Neural Language of Thought Models
Yi-Fu Wu, Minseung Lee, Sungjin Ahn
TL;DR
This work tackles unsupervised learning of a neural language of thought by proposing NLoTM, which combines Semantic Vector Quantization (SVQ) to produce hierarchical, discrete, object-centric factors and an Autoregressive LoT Prior (ALP) to generate semantic tokens in a compositional, probabilistic manner. By operating over factorized latent codes rather than patch tokens, NLoTM achieves improved generation quality, downstream task performance, and out-of-distribution generalization on 2D Sprite and 3D CLEVR-like datasets. The key contributions are the SVQ module that disentangles object factors into block-level codes, the ALP prior that models the data distribution autoregressively over these codes, and comprehensive experiments showing superior performance against patch-based VQ-VAE, dVAE, GENESIS-v2, and SysBinder baselines.

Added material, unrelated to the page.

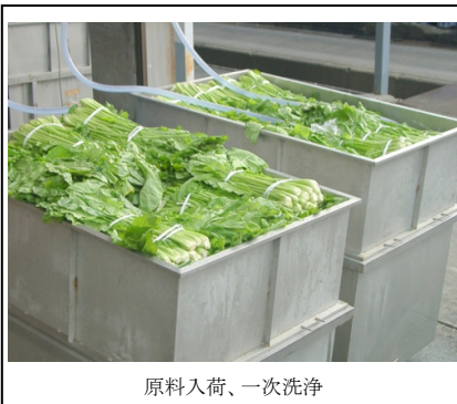
原料入荷、一次洗浄

原料入荷→一次洗浄→塩漬→2次洗浄→遺物確認(目視)→選別、計量→包装→金属探知機→検品・箱詰め→出荷 ○原料入荷後直ちに熱伝導率の良いステンレス製の容器の中で氷温まで冷やすことでシャキシャキ感が長続きます。 ○全長13mの洗浄ラインと目視確認による遺物確認により100%に近い遺物除去を行っています。

This work advances the intersection of cognitive-inspired representations and machine learning, offering a path toward more human-like understanding through structured, discrete, semantically meaningful representations.
Abstract
The Language of Thought Hypothesis suggests that human cognition operates on a structured, language-like system of mental representations. While neural language models can naturally benefit from the compositional structure inherently and explicitly expressed in language data, learning such representations from non-linguistic general observations, like images, remains a challenge. In this work, we introduce the Neural Language of Thought Model (NLoTM), a novel approach for unsupervised learning of LoTH-inspired representation and generation. NLoTM comprises two key components: (1) the Semantic Vector-Quantized Variational Autoencoder, which learns hierarchical, composable discrete representations aligned with objects and their properties, and (2) the Autoregressive LoT Prior, an autoregressive transformer that learns to generate semantic concept tokens compositionally, capturing the underlying data distribution. We evaluate NLoTM on several 2D and 3D image datasets, demonstrating superior performance in downstream tasks, out-of-distribution generalization, and image generation quality compared to patch-based VQ-VAE and continuous object-centric representations. Our work presents a significant step towards creating neural networks exhibiting more human-like understanding by developing LoT-like representations and offers insights into the intersection of cognitive science and machine learning.